Effect of LEO (Lycium Essential Oils) as Green Inhibitors of Calcium Carbonate Scale on Nanoparticles-Doped Ultrafiltration Membrane (UFM) and Water Treatment

• Published in: Arabian journal for science and engineering (2011) Vol. 47; no. 5; pp. 6233 - 6243
• Main Authors: Alhalili, Zahrah, Souli, Hana, Smiri, Moêz
• Format: Journal Article
• Language: English
• Published: Berlin/Heidelberg Springer Berlin Heidelberg 01.05.2022; Springer Nature B.V
• Subjects: Antioxidants; Calcium carbonate; Cathodic polarization; Desalination; Electrochemical impedance spectroscopy; Electrode polarization; Engineering; Essential oils; Humanities and Social Sciences; Membranes; multidisciplinary; Nanoparticles; Oils & fats; Research Article-Chemical Engineering; Saline water; Science; Ultrafiltration; Water discharge; Water treatment; Anti-scalant; Inhibitors; Essential Oils (LEO); Ultrafiltration Membranes (UFM); Extract; Scales; Chronoamperometry; Electrochemical Impedance Spectroscopy (EIS); Nanoparticles (NPs)

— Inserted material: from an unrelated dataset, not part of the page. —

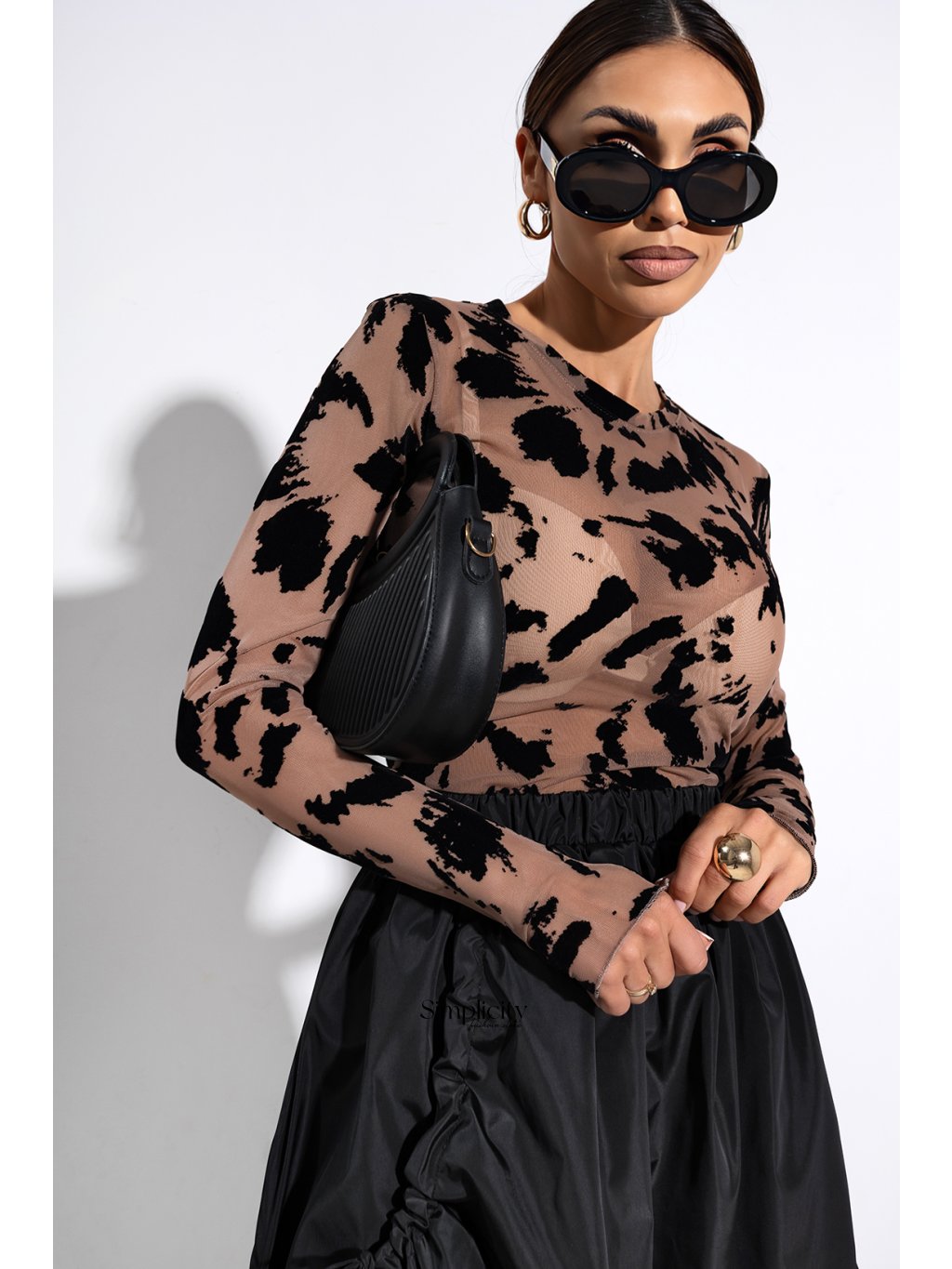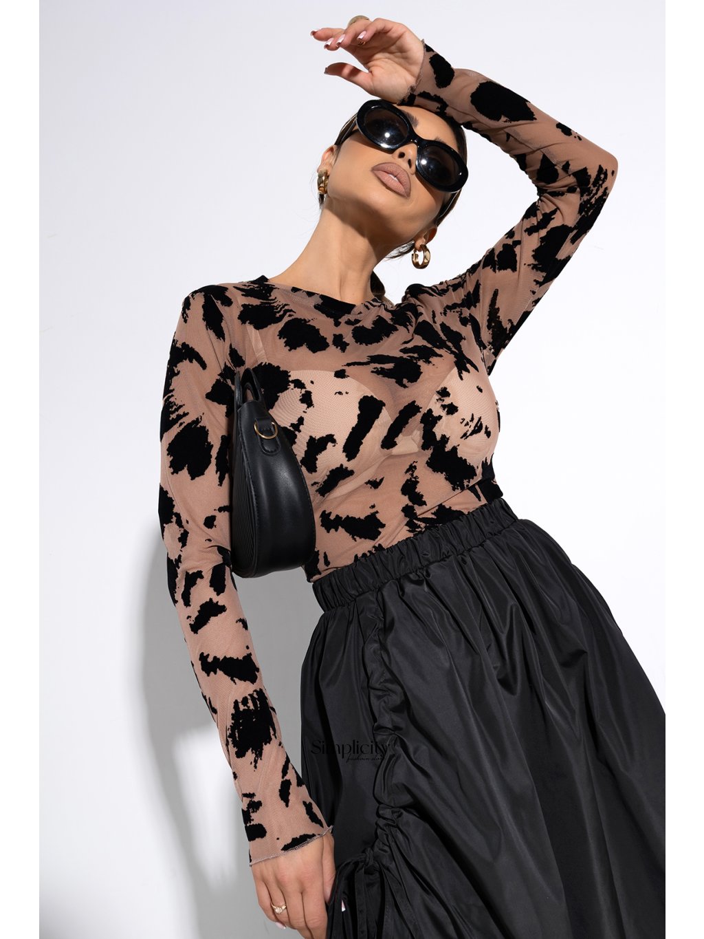 Jemná, polopriehľadná sieťovaná blúzka, ktorá nenápadne odhaľuje siluetu a púta pozornosť.

• ISSN: 2193-567X; 1319-8025; 2191-4281
• DOI: 10.1007/s13369-021-06183-5

Considering the growing environmental concerns about the discharge of saline water coming from desalination systems, the present work is of significant interest. The effect of LEO ( Lycium Essential Oils) as green inhibitors of calcium carbonate scale has been investigated in this study. We used conductivity measurements, nanoparticles-doped membranes technologies, electrochemical impedance spectroscopy (EIS), and chronoamperometry techniques. The calcium carbonate scale was deposited from the brine solution by cathodic polarization of the steel surface. The observed anti-scaling property can be partly explained by the presence of plant antioxidants. Antioxidants retarded calcium carbonate precipitation via the formation of a complex with the calcium cations. Without LEO, adherent film formed over the steel surface, under cathodic polarization, by the deposition of the calcium complex.